Brother in Law had decided to put on a BBQ for boys, his largely national staff hadn’t been apart of this Kiwi ritual before. We cooked sausages, steak, prawns were, with salads and fruit all descriptions to accompany. After cooking the feast, it was time for a formal speech by Brother in Law to thank them for their support and help, a reply from a supervisor and then grace. The boys tucked in, leaving almost nothing behind, a small problem as the five or six ladies who worked there had to put up the left overs.
With the BBQ cleared away we headed to the Lae Markets to pick up fresh vegetables and fruit. These markets are an experience worth having, an amazing array of local fruit and vegetable, in this large compound. About a third of it covered by very long open sheds and the rest of the stall owners sitting outside among a multitude of umbrellas. The stalls consisted of people sitting on the floor under and umbrella with their particular fruit or vegetable spread out in front of them in a small pile, on sacks or an old cloth. The sellers are in the main set out in groups depending on the types of fruit or vegetable they are retailing. You see a group of tobacco sellers with their long strands of leaf knotted together, along side a dozen or more sellers of kaukau (local sweat potatoes), spread over the floor, fruits included pineapples, mango’s, sugar fruit (like a heavy skinned yellow passionfruit), laulau,(a small red fruit with a taste similar to nashi but not as sweet.),bananas, ginger and just about every other fruit and vegetable you can imagine. Most of the fruit and vegetables here are grown in the highlands and brought down to market.
As the only Europeans in the market we had just a bit of reservation in shopping, Al was reticent about using her camera, we didn’t need to worry. The people are extremely friendly, when the camera came out, people lined up to get their photos taken.
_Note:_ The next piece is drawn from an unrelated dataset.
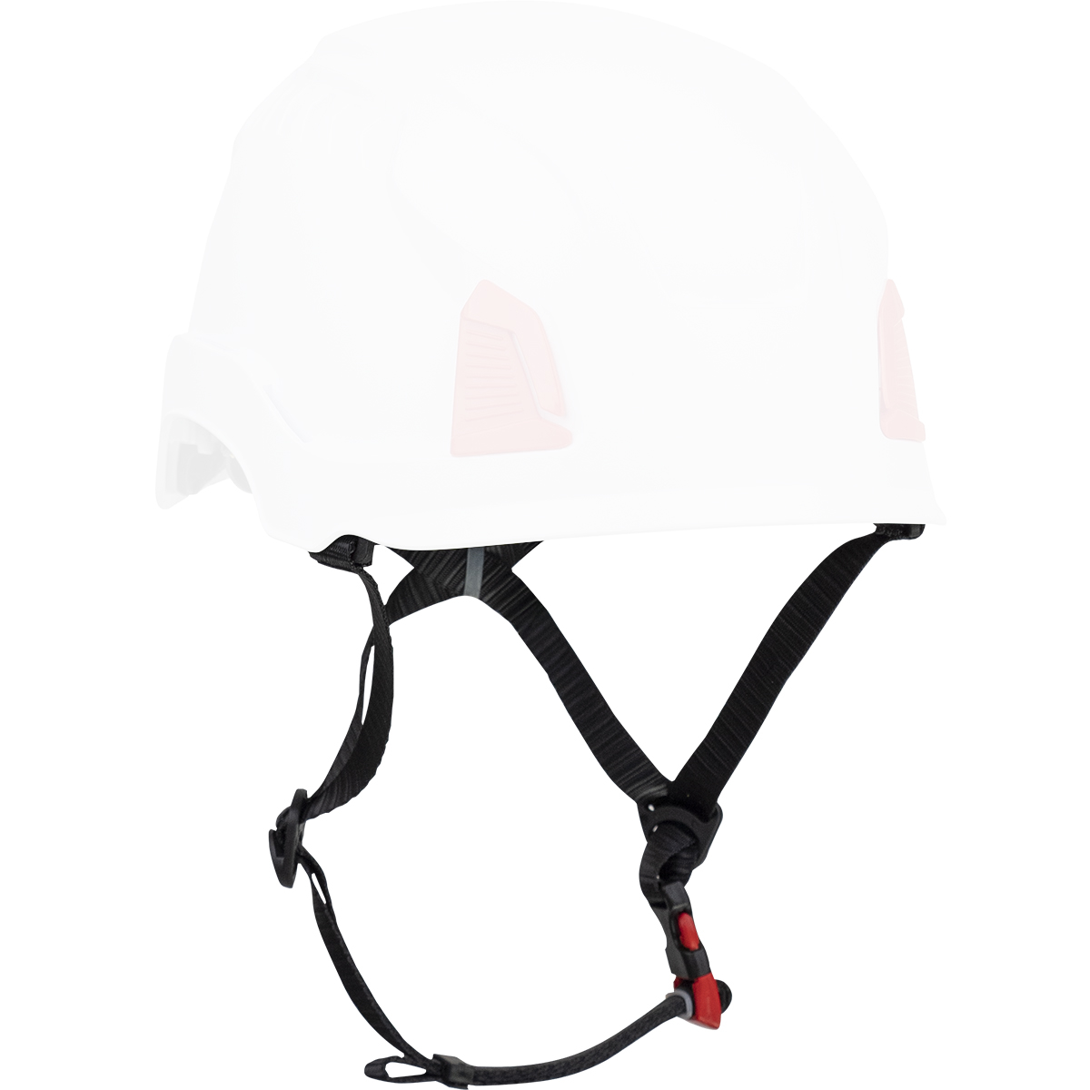 Replacement durable 4-point chin strap clips into hard hat shell for added safety for working at heights.

Set out in little piles the fruit and vegetables have a standard value, no scales, just grab as many piles as you thought you required. We paid between 50 Toea and 3 Kena for our piles depending on the heaps content.
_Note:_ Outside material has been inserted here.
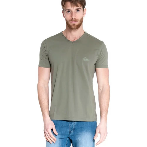 French Denim T-Shirt manches courtes col V kaki T-shirts & Polos

The local bag is a bilum, this bag is, made by tying knots in stringed bark from the Tulip trip, the bags come in a variety of colours shapes and sizes. The bilum is often worn with the handles around the forehead leaving the bag to dangle down the back. Another popular way of carrying your bilum is your head through the straps and the bag hanging in front of you like a bib. Later we found that some very contemporary bilums were produced just for the carrying of a mobile phone. We left with two bilums of fruit, a plant, lots of photos and a huge experience.